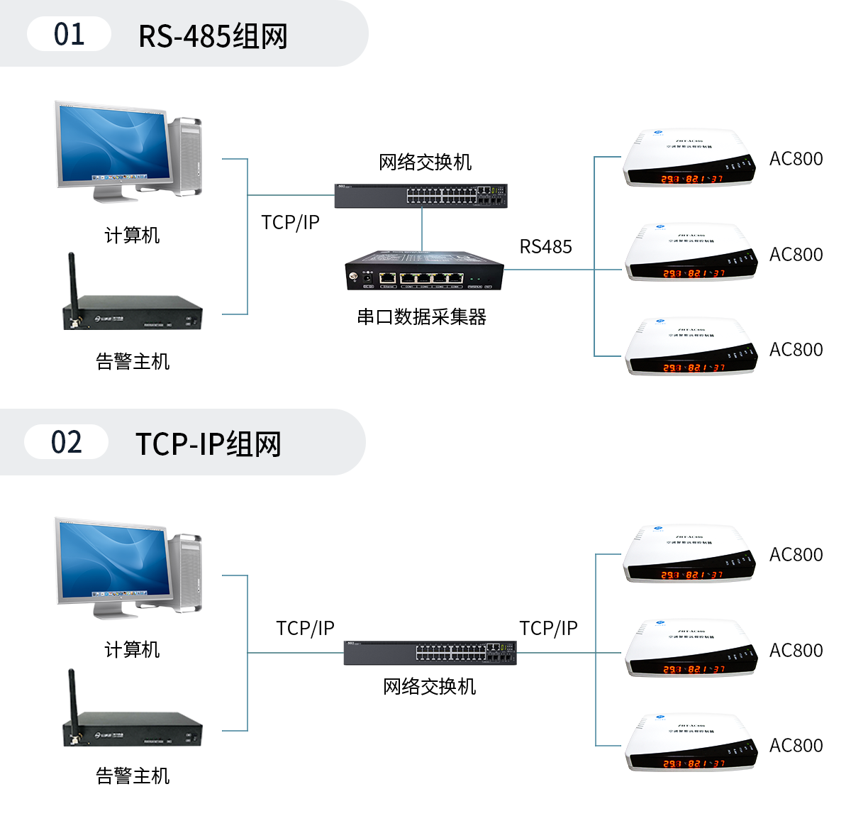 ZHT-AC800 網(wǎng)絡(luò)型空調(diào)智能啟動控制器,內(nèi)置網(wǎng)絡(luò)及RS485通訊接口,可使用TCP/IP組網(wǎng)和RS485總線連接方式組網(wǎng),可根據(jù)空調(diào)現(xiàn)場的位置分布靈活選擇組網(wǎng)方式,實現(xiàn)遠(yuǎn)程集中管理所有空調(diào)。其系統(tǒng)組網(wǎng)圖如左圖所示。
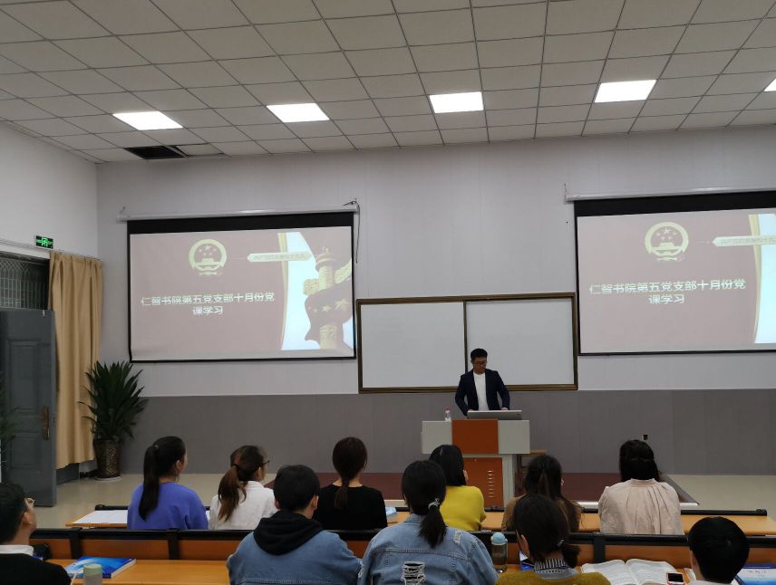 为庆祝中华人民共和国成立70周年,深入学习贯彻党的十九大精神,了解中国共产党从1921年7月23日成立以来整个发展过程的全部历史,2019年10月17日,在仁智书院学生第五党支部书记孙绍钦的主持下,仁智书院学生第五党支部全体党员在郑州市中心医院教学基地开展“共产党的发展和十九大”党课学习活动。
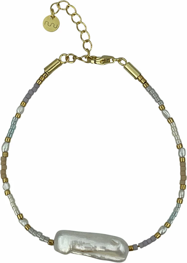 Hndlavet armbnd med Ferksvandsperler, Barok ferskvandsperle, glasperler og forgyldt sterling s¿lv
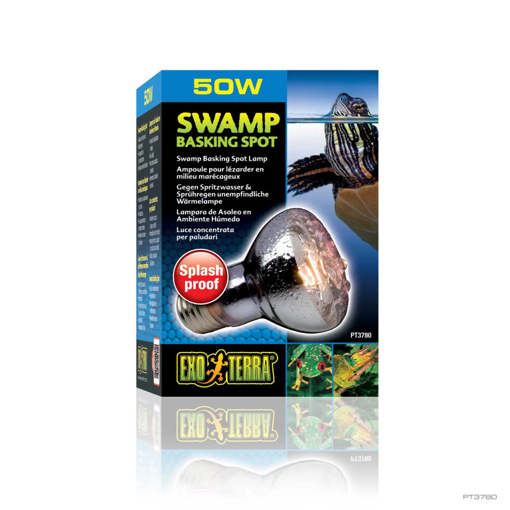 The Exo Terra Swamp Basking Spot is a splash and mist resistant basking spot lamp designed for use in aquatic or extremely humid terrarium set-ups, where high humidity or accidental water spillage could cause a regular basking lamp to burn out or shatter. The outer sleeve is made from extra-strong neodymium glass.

════════

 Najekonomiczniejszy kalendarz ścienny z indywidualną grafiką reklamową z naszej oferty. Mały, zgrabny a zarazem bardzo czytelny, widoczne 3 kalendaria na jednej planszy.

════════

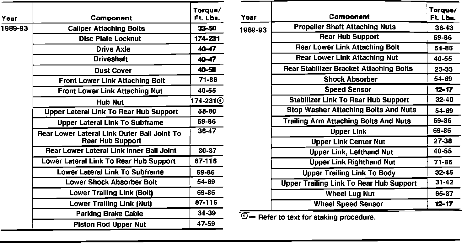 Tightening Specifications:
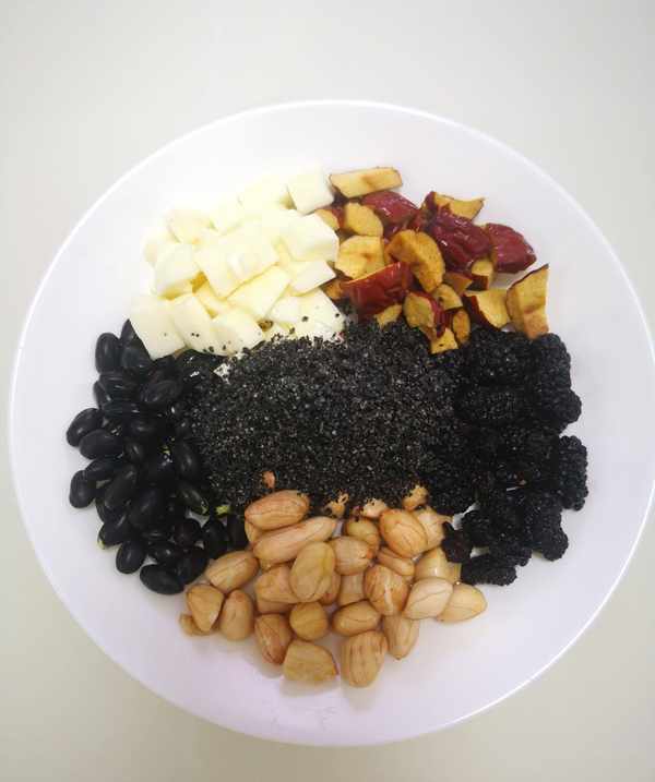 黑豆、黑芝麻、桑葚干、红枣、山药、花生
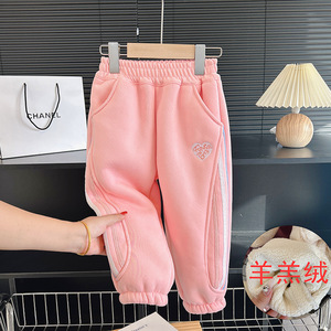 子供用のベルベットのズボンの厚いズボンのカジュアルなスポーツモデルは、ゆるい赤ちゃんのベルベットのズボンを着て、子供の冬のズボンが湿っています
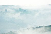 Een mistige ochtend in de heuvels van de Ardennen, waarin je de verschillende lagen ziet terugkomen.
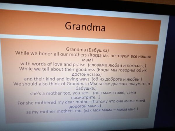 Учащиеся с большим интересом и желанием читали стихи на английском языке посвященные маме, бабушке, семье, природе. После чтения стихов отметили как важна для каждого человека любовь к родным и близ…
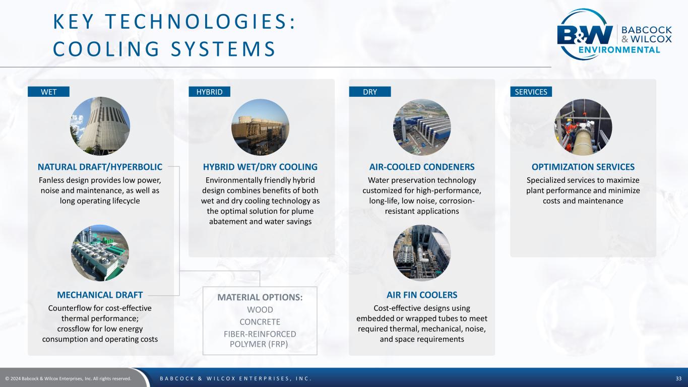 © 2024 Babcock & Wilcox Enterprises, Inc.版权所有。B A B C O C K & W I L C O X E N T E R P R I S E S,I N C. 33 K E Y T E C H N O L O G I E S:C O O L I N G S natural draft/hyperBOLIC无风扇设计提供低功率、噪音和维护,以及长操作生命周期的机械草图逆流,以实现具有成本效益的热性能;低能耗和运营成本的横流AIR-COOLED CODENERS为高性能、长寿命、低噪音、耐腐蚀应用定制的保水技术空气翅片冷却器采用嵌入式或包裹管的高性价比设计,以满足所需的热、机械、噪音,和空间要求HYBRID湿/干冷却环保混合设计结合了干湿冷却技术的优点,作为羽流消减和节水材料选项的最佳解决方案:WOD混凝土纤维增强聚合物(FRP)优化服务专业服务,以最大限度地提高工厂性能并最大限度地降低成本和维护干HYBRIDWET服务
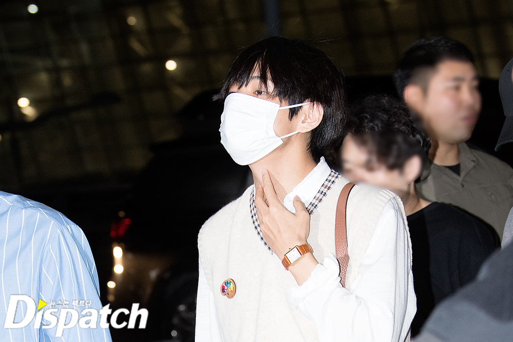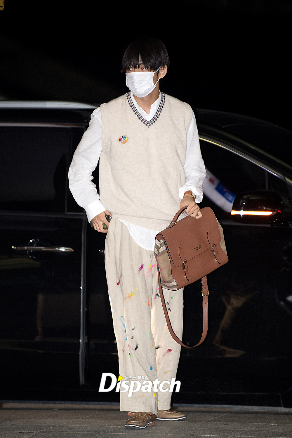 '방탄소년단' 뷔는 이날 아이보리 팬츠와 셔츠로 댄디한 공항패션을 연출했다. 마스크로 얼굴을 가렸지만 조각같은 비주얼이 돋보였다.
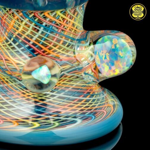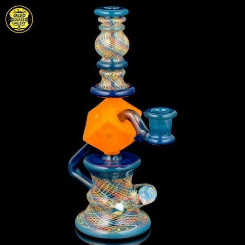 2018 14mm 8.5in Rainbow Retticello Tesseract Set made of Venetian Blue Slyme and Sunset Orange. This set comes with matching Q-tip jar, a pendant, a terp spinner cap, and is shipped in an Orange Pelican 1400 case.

════════

» To do: Using the material above, reproduce only the lines that run from the line with "Hndlavet armbnd med" up to and including the line with "The Exo Terra", exactly, with the pictures dropped.

» Written solution:
 Hndlavet armbnd med Ferksvandsperler, Barok ferskvandsperle, glasperler og forgyldt sterling s¿lv
 The Exo Terra Swamp Basking Spot is a splash and mist resistant basking spot lamp designed for use in aquatic or extremely humid terrarium set-ups, where high humidity or accidental water spillage could cause a regular basking lamp to burn out or shatter. The outer sleeve is made from extra-strong neodymium glass.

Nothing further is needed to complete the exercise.